The working group didn’t discuss any of the current adopted documents, there were two presentations of potential future work:
- ‘draft-brown-rdap-referrals’ (“Efficient RDAP Referrals”) was presented by Gavin Brown. The presentation highlighted the issue caused by full zone RDAP scans experienced by TLD RDAP services of potentially low cache rates (20-30%) of those RDAP queries causing great resource consumption, even though the clients are not interested about the whole payload but just the referral link to a registrar RDAP. The draft proposes a combination of HEAD method and a Link HTTP Header to limit the number of database lookups and the size of returned payloads in this use case.
- ‘draft-zzn-authcodesec’ ("Domain Transfer Authorization Using Cryptographic Signatures") was presented by Victor Zhou.
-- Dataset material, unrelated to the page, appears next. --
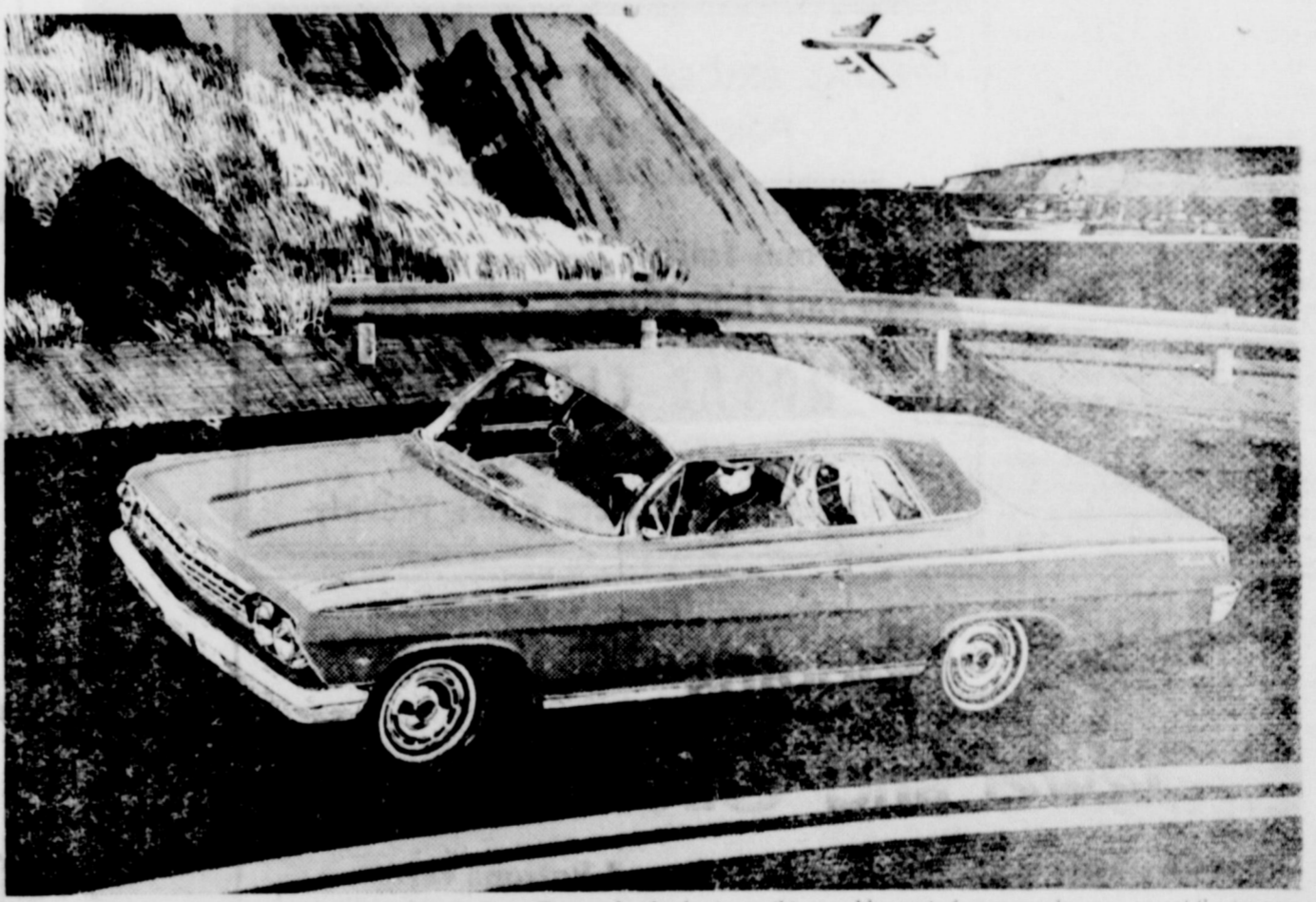
Impala Sport Coupe—here's about everything you'd expect of an expensive car—except the expense.

Your Quality Buick Dealer In Sanderson Is: McKnight Motor Co. HIGHWAY 90

This draft proposes extending EPP with public key authentication to make domain transfers faster and safer. In the second iteration of this draft the number of use-case scenarios was reduced for simplicity as well as the possibility for the losing registrar to still deny a transfer was added.
RPP WG
This new working group was chartered out of the discussions started in REGEXT working group during IETFs 118 through 120 and finally holding a BoF (Birds of Feather) session during IETF 121. The task of this working group is to work on an alternative provisioning protocol to EPP, which would be based on HTTP and JSON, following RESTful design principles.
The first session was filled with organizational topics about the working group process, but also some valuable presentations aimed to kick-off the work:
As a basis for compatibility with EPP James Gould presented preliminary results of “EPP Extensibility and Extension Analysis” and Pawel Kowalik presented CENTR Survey results on EPP Extensions.
In the further proceedings Maarten Wullink led the discussion on RPP requirements and Pawel Kowalik presented initial draft of work on RPP architecture.
Epilogue
IETF 122 was another successful gathering, for which the host and the sponsors deserve congratulations. There was once again a full and stimulating program, and ample opportunity for participants to network. The focus is firmly on the future, within both the IETF working groups and the IRTF working groups. And, because the future is exciting, IETF meetings are consistently stimulating and relevant.
The next IETF meeting is scheduled for 19 to 25 July 2025 in Madrid.